Did you get a fancy, new DSLR camera for Christmas? Is it still setting in the box because you have no idea how to use it? Well, then this blog post is just for you! I have had several friends ask me questions about their DSLR cameras, so I thought I would offer up a few tips to help anyone else out there who is in the same boat.
First, there are a few basic differences between a DSLR and a point and shoot camera. With a DSLR, you can change lenses, shoot manually, shoot with faster shutter speeds and produce higher resolution images. The tips I’m going to share work for all brands of DSLR cameras. Ready? Here we go!
Tip #1: Don’t shoot in Auto mode. You will never learn how your camera works and what all it can do. Shooting in Auto let’s the camera make all of the decisions and sometimes that doesn’t produce the best quality photo. I recommend starting in either A (aperture priority) or S (shutter priority). This gives you control over that particular aspect and the camera adjusts the other one. You will learn how changing either of these effects your photos.
Tip #2: Don’t use your flash. I repeat, DO NOT use your flash! Tape it down if you have to. The bright flash will produce harsh lighting on your subjects. By shooting in manual mode, you can change the settings and control how much light your camera allows in. Make sure and read the ISO section of you handbook for more information.

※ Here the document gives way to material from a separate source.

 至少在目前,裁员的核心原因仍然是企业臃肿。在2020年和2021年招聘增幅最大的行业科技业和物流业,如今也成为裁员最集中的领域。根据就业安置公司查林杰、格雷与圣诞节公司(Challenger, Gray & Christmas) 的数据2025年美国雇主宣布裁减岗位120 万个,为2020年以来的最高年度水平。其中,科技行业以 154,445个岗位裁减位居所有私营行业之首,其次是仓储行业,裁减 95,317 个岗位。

Tip #3: Take your camera with you everywhere and take photos of everything! Practice really does make perfect. The more you use your camera, the more comfortable you will become with it. As you become more comfortable, you will learn what settings work best for different situations. You could buy a cute camera strap like this to keep your camera around your neck in style.
Tip #4: Forget the kit lens that most likely came with your camera and purchase the “nifty-fifty” lens. It is one of the cheapest lenses that you can buy (price, not quality) and is very versatile. It is available for both Nikon and Canon.
Tip #5: Stock up on memory cards. I recommend purchasing several smaller cards (4 GB or 8 GB) instead of one larger one. Memory cards can become corrupt and you don’t want to be stuck without a back up. After every photo outing, download your photos to your computer. Once you’ve backed up your computer to an external hard drive (that’s a whole other post!), then you can delete the photos from your memory card. If your computer doesn’t have a built-in memory card reader, then you’re going to want to purchase one of these also.
I hope you found these tips helpful. If you don’t own a DSLR camera yet, but have been looking for one, I recommend either this one or this one. Don’t purchase the kit lens, just get the camera body and then get your nifty-fifty lens.